How We Validate Data

nicerobot

11 years ago

Data is only valuable if it can be trusted. At weRobots we spend as much effort on validating data as on collecting it. It is a multi stage process.

Scraping

Initial checks happen in scraper robots. Robot crawls target website and looks for data. Captured data is sent to our staging database. Many abnormal situations can arise at this stage:

1. - Site may be down. Robot will log warnings and will retry pages that do not respond. Usually outage is temporary and robot resumes without intervention
  - Site layout changes. If robot cannot find navigation links or data it will stop and report error so that our team can review the situation and the appropriate action.
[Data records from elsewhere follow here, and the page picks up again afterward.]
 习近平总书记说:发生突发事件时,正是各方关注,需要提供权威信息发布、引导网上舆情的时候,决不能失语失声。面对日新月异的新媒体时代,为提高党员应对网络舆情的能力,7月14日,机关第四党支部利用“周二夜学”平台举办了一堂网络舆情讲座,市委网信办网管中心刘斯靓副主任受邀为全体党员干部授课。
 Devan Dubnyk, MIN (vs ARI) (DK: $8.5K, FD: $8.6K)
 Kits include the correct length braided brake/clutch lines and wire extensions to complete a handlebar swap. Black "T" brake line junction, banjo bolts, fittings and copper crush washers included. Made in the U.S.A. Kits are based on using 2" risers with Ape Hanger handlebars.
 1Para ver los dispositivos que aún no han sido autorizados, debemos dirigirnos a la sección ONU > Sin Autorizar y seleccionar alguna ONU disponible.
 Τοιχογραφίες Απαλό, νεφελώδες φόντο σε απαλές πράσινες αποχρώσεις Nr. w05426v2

For diagnostics and traceability robot logs all actions it performs and it can take screenshots and content snapshots of source website. This can be important if we need to know what exactly was displayed on a source website at the time of scrape.

Schema Validation

Scraped data is validated to match predefined schema. For example data about product scraped from an e-shop may have to pass the following validations:

1. - Product ID that is numeric
  - Price is a decimal number with two decimal places. Price must be greater than 0.
  - Product has description that is at most 200 characters long
  - Optional field “Availability date” is a date

Records that faill to pass schema validation are stored in “Bad records” table with an explanation on why validation failed.

Mapping

Mapping step maps source identifiers to customer identifiers. For example e-shop product ID might be matched to customer internal product ID. Unmapped records are reported. In some workflows we automatically create new records in customer’s system (for example when we find new products in source website we create new product IDs in customer’s database). This step is a great advantage when scraped data is integrated with data that customer already has.

Statistical validation

Statistical validation step checks if new scraped data is similar to previous good scrapes. Within allowable tolerances we check that:

Robot collected similar amount of records
Numeric fields have similar averages
Text fields have similar lengths
Robot run took similar amount of time
Additional custom calculation checks based on dataset

We flag suspicious records and suspicious scraping runs for our staff or customer to review.

Export

Export step moves data to customer DB. We support export to all relational databases, dumps to CSV, JSON and XML. Export can be batch or real-time replication.
Reports Final summary report is produced after all steps finished and allows us and customer review all information in one place.